J’avançais dans un monde uniquement tourné vers l’avenir et le passé s’y détruisait de lui même.
Maintenant j’ai vieillie, je me retourne, je fouille et je trie toutes les vieilleries du passé, et, ma peinture elle aussi à vieillie, et accumule des strates, comme un sol mille fois piétiné et qui garderait la mémoire de tous les pas.
Elle participe à cette exhumation du passé: mon regard crée et recrée son propre monde, et, un pur moment de bonheur lorsque je retrouve une petite chose oubliée et que je peux arriver à placer idéalement à sa juste place…

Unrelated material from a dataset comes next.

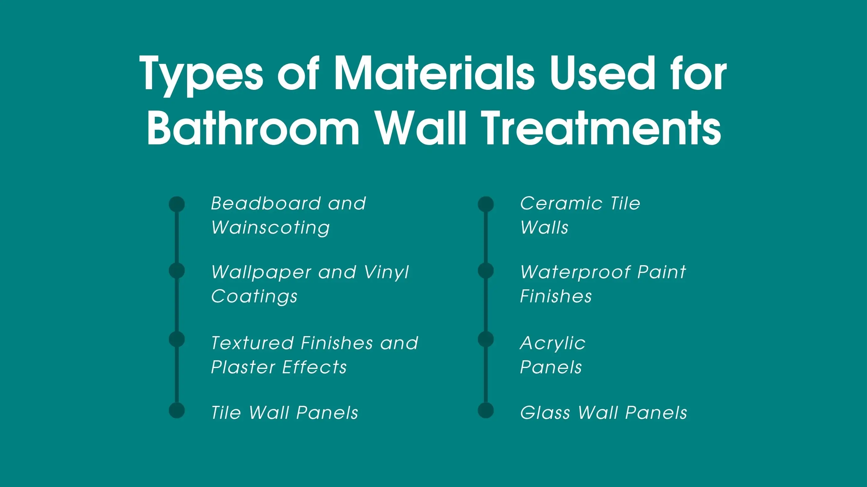 The best wall treatments provide a balance of aesthetics and function, helping your bathroom stay clean, dry, and visually appealing for years. Each option varies in texture, maintenance, and level of water resistance, giving you the flexibility to design a space that fits your needs and style.
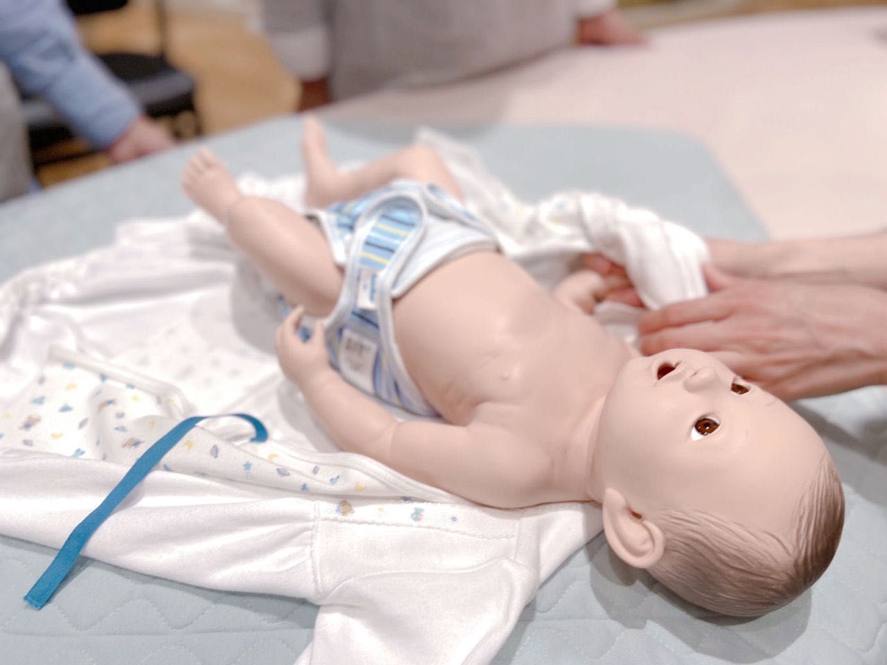 あかちゃんが生まれたら、上手にお着替えさせてあげられるかな?そんな不安を今のうちに解消!新生児のお人形を使って、肌着やウェアの着せ方を体験していただけます。

Je ne prétends pas que mon travail devient limpide avec les années, mais plus-tôt qu’une direction se distingue, une lueur au bout d’un sentier.
J’écarte et je trie plus que ne construis, ou bien alors j’ai construis peu à peu mon langage en manipulant les signes que l’on retrouve à présent dans mes toiles, comme une enfant joue et manipule les mots avant même de les comprendre totalement.

Ma peinture est un journal qui voudrait embrasser les choses qui m’entourent.

Publié dans : Mon livre "Mes émotions" |le 4 octobre, 2007 |Pas de Commentaires »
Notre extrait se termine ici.